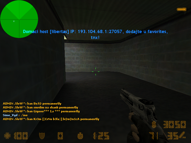 Mogu li da dobijem objasnjenje za Permanently ban By Onur Aksal ?? Vako: Ulazi Onur na server i pise bijelim slovima L[e]GT ide ban ! Ja mu kazem nemoj me plss ban on kaze necu ! I imao sam nako skor 7:4 ! Kucam rs ! Nece me nikako to vece ! I posto kad kucas na p47 sv_aim 1 sv_cheats 1 nmz da ostane obadvoje po 1 ! I ja sam izasao sa servera ! Da bih ukucao sv_cheats 1 ! Ulazim na server izaberem TT i dobijam PERM BAN ! Why ??  >:(
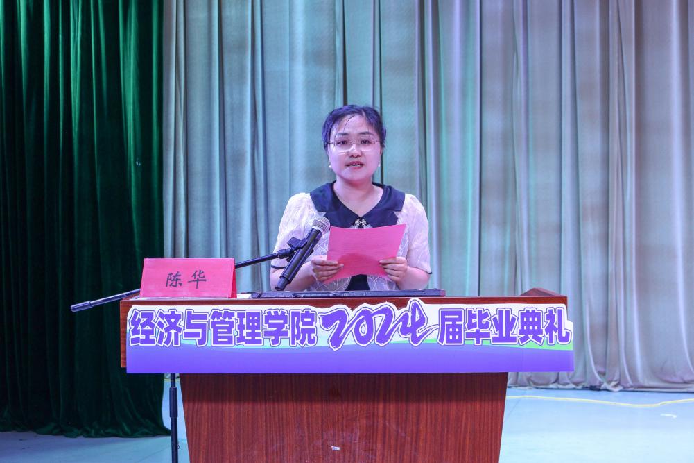 教師代表陳華老師上臺寄語。她代表全體教師向各位畢業(yè)生給予了最深的敬意和最真摯的祝福。她向同學們闡述了三點感悟:第一,要“鍛造匠心”,希望同學們今后無論身處何種崗位,都能以匠心獨具的態(tài)度追求卓越、不斷創(chuàng)新、鑄造輝煌;第二,要“堅守本心”,她希望同學們面對紛繁世界時,能不被外界的誘惑所動搖,始終保持一顆純凈的心,去追求自己的理想和信念;第三,要“不忘初心”,她希望同學們始終牢記自己的初心和使命,勇于面對困難和挑戰(zhàn),不斷學習新知識和新技能,成為對社會有貢獻的人。
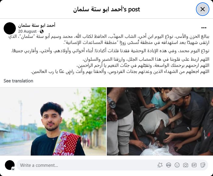 ببالغ الحزن والأسى، نودّع اليوم ابن أخي، الشاب المهذّب، الحافظ لكتاب الله، محمد وسيم أبو ستة “سلمان”، الذي ارتقى شهيدًا بعد استهدافه في منطقة تُسمّى زورًا “منطقة المساعدات الإنسانية”.

=-=-=-=-=

■ **TASK**: Quote all the lines above exactly as given. Do not include the pictures.

■ **REPLY TO THE TASK**:
 Mogu li da dobijem objasnjenje za Permanently ban By Onur Aksal ?? Vako: Ulazi Onur na server i pise bijelim slovima L[e]GT ide ban ! Ja mu kazem nemoj me plss ban on kaze necu ! I imao sam nako skor 7:4 ! Kucam rs ! Nece me nikako to vece ! I posto kad kucas na p47 sv_aim 1 sv_cheats 1 nmz da ostane obadvoje po 1 ! I ja sam izasao sa servera ! Da bih ukucao sv_cheats 1 ! Ulazim na server izaberem TT i dobijam PERM BAN ! Why ??  >:(
 教師代表陳華老師上臺寄語。她代表全體教師向各位畢業(yè)生給予了最深的敬意和最真摯的祝福。她向同學們闡述了三點感悟:第一,要“鍛造匠心”,希望同學們今后無論身處何種崗位,都能以匠心獨具的態(tài)度追求卓越、不斷創(chuàng)新、鑄造輝煌;第二,要“堅守本心”,她希望同學們面對紛繁世界時,能不被外界的誘惑所動搖,始終保持一顆純凈的心,去追求自己的理想和信念;第三,要“不忘初心”,她希望同學們始終牢記自己的初心和使命,勇于面對困難和挑戰(zhàn),不斷學習新知識和新技能,成為對社會有貢獻的人。
 ببالغ الحزن والأسى، نودّع اليوم ابن أخي، الشاب المهذّب، الحافظ لكتاب الله، محمد وسيم أبو ستة “سلمان”، الذي ارتقى شهيدًا بعد استهدافه في منطقة تُسمّى زورًا “منطقة المساعدات الإنسانية”.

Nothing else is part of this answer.